PROBLEM REQUIREMENTS = Only one stretch of the data below is needed: the line with "湖人主場迎戰魔術,轉播方給出" through the last line. Output it exactly and drop the pictures.

INPUT DATA =
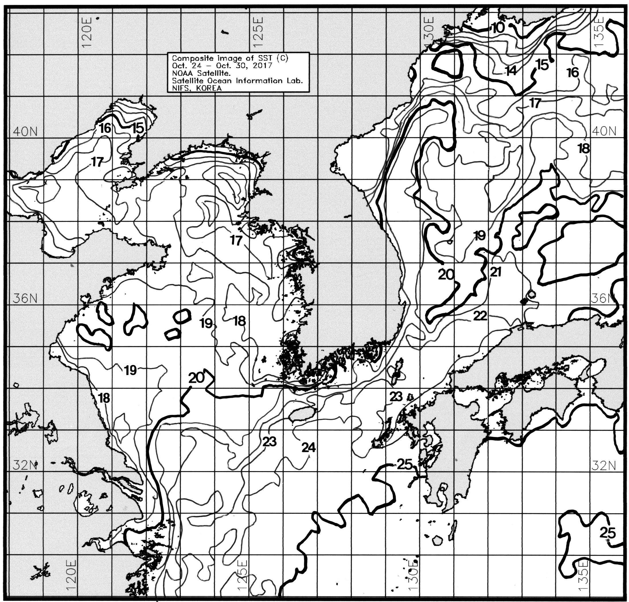 광역 위성영상 합성 표면수온 분포도 (2017. 10. 24 ~ 2017. 10. 30)
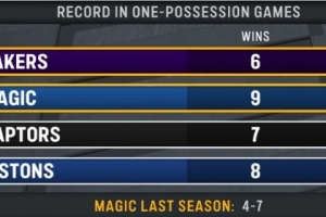 湖人主場迎戰魔術,轉播方給出一項統計,本賽季一回合定勝負(分差3分以內)的比賽,湖人6勝0負排名第一,魔術9勝3負排名第二。
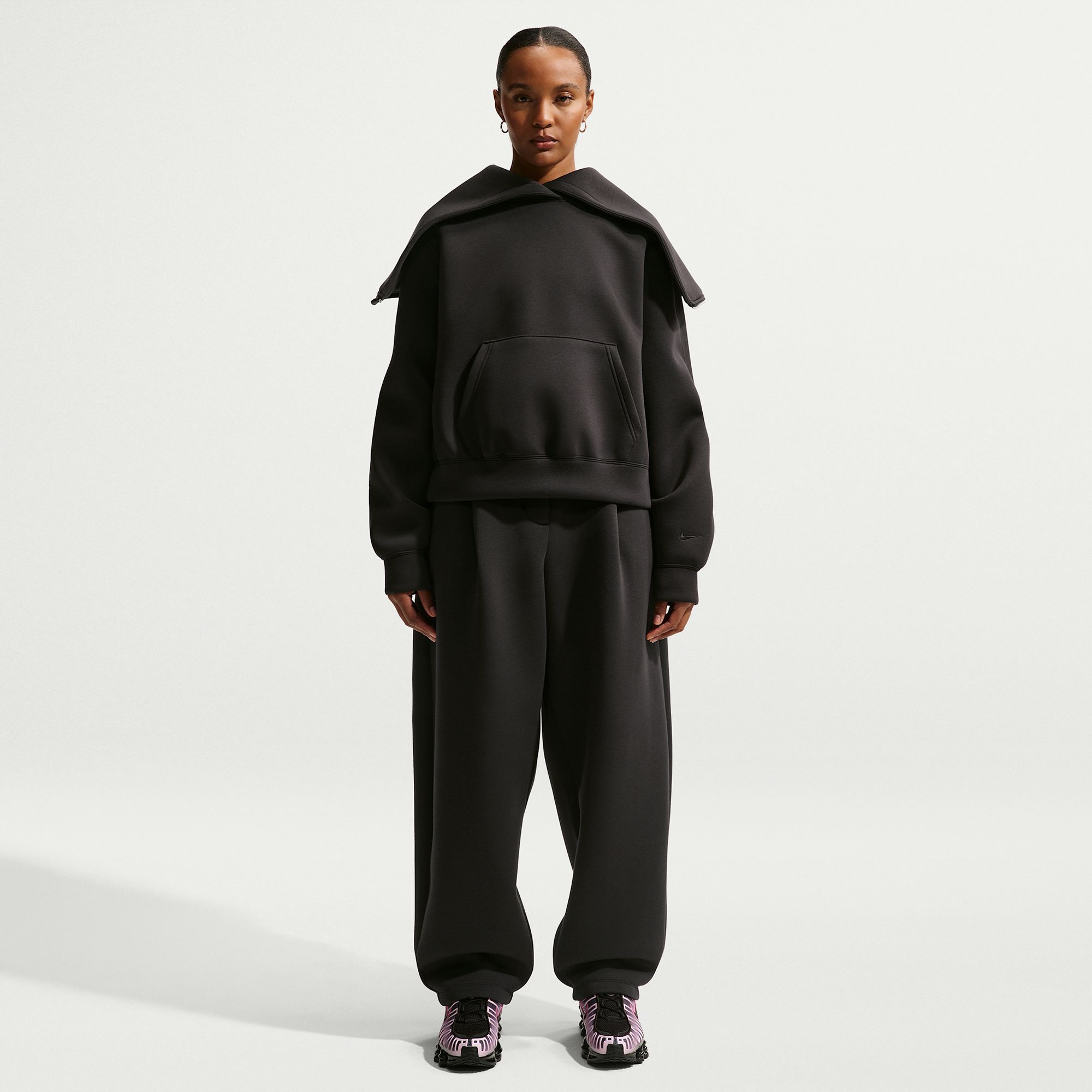 Premium fabric and intentional details give this hoodie a polished look. Smooth-on-both-sides fleece has a soft and structured feel. A zipper in the center of the hood offers versatility while articulated tucks along the sleeves add dimension.

SOLVED EXERCISE =
 湖人主場迎戰魔術,轉播方給出一項統計,本賽季一回合定勝負(分差3分以內)的比賽,湖人6勝0負排名第一,魔術9勝3負排名第二。
 Premium fabric and intentional details give this hoodie a polished look. Smooth-on-both-sides fleece has a soft and structured feel. A zipper in the center of the hood offers versatility while articulated tucks along the sleeves add dimension.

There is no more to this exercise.